Using the data below, return word for word every line from the one holding "40代 50代】 メーカー希望小売価格はメーカーサイトに基づいて掲載しています" down to the one holding "Setelan Cardigan Knit". Leave pictures out.

======== Material for this exercise

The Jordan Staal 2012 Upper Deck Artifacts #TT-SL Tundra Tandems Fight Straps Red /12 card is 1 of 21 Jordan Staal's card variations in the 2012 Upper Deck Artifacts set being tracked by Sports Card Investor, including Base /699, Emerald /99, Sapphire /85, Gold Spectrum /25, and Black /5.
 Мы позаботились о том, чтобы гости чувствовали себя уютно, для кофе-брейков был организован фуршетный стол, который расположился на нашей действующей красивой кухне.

================
======== Material for this exercise

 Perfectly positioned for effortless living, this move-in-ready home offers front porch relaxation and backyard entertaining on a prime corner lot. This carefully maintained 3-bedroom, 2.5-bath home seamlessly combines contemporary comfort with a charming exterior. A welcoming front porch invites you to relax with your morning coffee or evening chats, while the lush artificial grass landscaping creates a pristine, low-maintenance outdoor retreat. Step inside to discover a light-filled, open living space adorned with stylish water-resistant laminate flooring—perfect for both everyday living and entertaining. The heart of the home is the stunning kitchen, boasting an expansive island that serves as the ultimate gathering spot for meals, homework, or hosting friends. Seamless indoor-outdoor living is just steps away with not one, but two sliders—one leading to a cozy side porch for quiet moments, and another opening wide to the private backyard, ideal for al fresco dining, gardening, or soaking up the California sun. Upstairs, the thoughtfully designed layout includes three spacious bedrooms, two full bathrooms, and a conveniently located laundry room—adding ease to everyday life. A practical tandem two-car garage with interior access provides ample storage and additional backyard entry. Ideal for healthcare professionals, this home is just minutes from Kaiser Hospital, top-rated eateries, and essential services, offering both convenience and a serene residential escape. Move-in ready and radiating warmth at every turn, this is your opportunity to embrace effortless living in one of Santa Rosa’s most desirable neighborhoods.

================
======== Material for this exercise

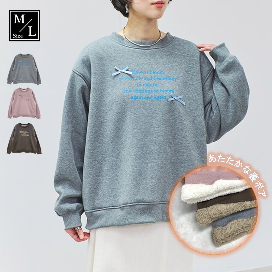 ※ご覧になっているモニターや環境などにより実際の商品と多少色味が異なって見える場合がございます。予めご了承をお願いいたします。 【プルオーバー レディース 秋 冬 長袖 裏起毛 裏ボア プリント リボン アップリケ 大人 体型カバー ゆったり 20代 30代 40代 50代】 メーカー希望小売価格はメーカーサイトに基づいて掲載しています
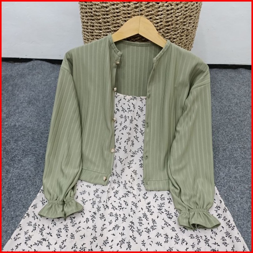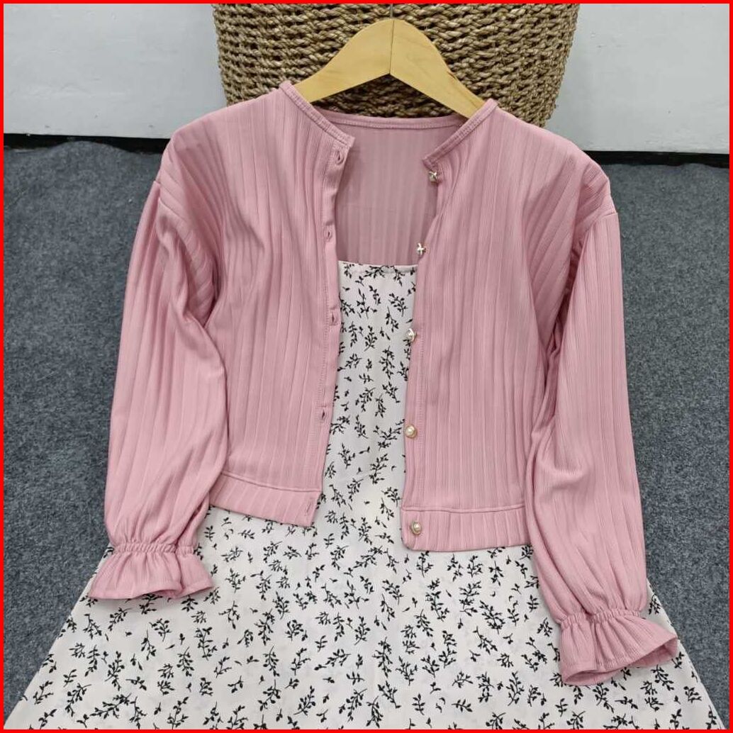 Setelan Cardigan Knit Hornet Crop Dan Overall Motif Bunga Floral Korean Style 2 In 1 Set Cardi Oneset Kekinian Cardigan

================

> **Solution to this problem**
 ※ご覧になっているモニターや環境などにより実際の商品と多少色味が異なって見える場合がございます。予めご了承をお願いいたします。 【プルオーバー レディース 秋 冬 長袖 裏起毛 裏ボア プリント リボン アップリケ 大人 体型カバー ゆったり 20代 30代 40代 50代】 メーカー希望小売価格はメーカーサイトに基づいて掲載しています
 Setelan Cardigan Knit Hornet Crop Dan Overall Motif Bunga Floral Korean Style 2 In 1 Set Cardi Oneset Kekinian Cardigan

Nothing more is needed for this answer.